Cereal Chem 62:437-440 | VIEW
ARTICLE
Noodles. III. Effects of Processing Variables on Quality Characteristics of Dry Noodles.
N. H. Oh, P. A. Seib, and D. S. Chung. Copyright 1985 by the American Association of Cereal Chemists, Inc.
Response-surface methodology was used to examine the effects of five variables on the quality of oriental dry noodles. The variables were water absorption, dough pH, mixing time, roll speed, and reduction percentage in roll gap. The seven responses were color and breaking stress of uncooked noodles, and surface firmness, cutting stress, resistance to compression, cooked weight, and cooking loss of cooked noodles.
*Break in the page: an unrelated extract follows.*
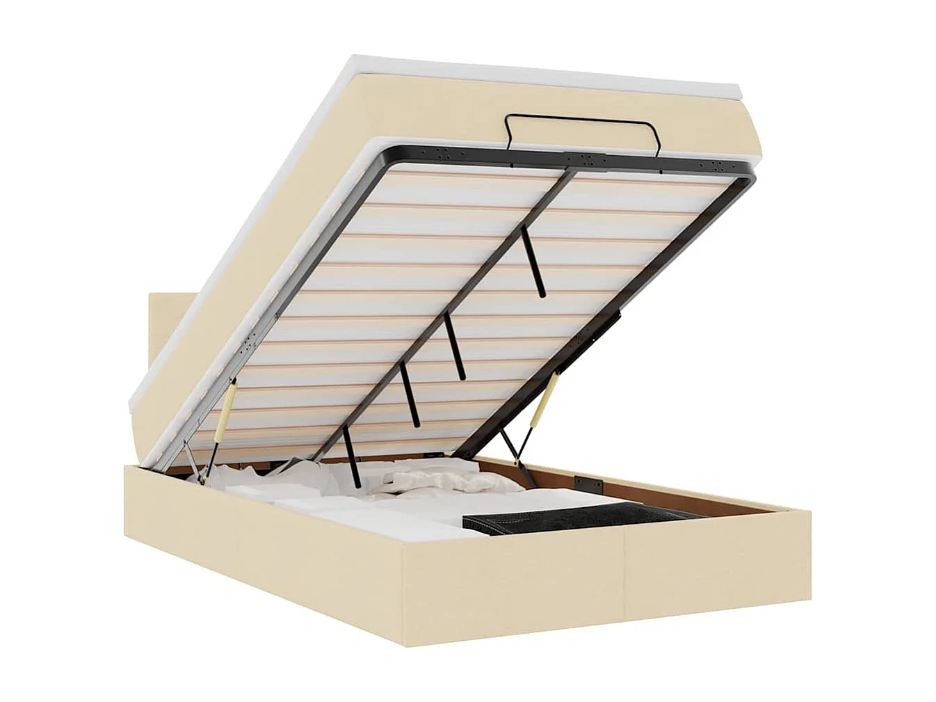 Estrutura de cama otomana com creme de colchão 140x190cm tecido

The measure-of-fit indicated that variability in color, breaking stress, cutting stress, resistance to compression, and surface firmness were accounted for by two to four of the variables (R2 = 0.94-0.69) but variability in cooked weight and cooking loss were not. Water absorption and dough pH significantly affected the majority of quality characteristics of noodles, whereas roll speed and reduction percentage in roll gap affected the surface properties of cooked noodles. Mixing time was the least significant variable. The conditions most suitable for laboratory preparation of oriental dry noodles were: optimum absorption determined by the handling properties of sheeted dough, neutral dough pH, minimum mixing to form small spheres of dough (approximately 5 mm diameter) distributed uniformly in a continuous flour phase, 30% reduction in roll-gap setting, and a slow roll speed during sheeting.